» Exercise requirements
Copy only what lies from the line containing "A colorful 3D" through the line containing "Single-click into the" in the entries below, keeping both end lines exact and dropping every picture.

START Records supplied

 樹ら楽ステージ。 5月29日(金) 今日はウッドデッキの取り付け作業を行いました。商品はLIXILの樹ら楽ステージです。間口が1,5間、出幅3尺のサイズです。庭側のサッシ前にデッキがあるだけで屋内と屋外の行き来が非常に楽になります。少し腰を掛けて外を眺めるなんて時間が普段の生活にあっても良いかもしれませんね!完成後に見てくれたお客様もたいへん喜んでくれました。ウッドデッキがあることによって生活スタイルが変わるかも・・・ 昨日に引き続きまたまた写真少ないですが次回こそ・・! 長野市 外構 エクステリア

END Records supplied
START Records supplied

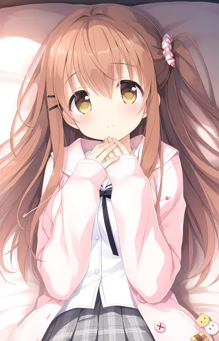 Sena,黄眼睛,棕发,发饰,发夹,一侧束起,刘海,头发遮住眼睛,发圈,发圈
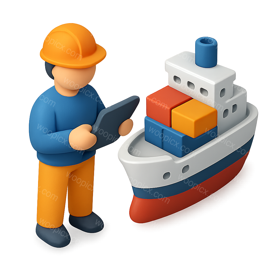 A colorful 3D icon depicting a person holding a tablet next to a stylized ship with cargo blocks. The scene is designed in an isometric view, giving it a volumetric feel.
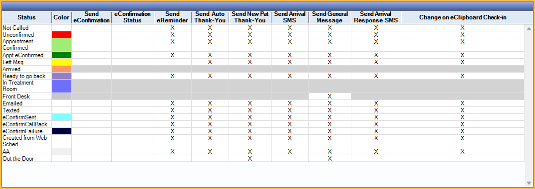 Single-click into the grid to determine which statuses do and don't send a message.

END Records supplied

» Result
 A colorful 3D icon depicting a person holding a tablet next to a stylized ship with cargo blocks. The scene is designed in an isometric view, giving it a volumetric feel.
 Single-click into the grid to determine which statuses do and don't send a message.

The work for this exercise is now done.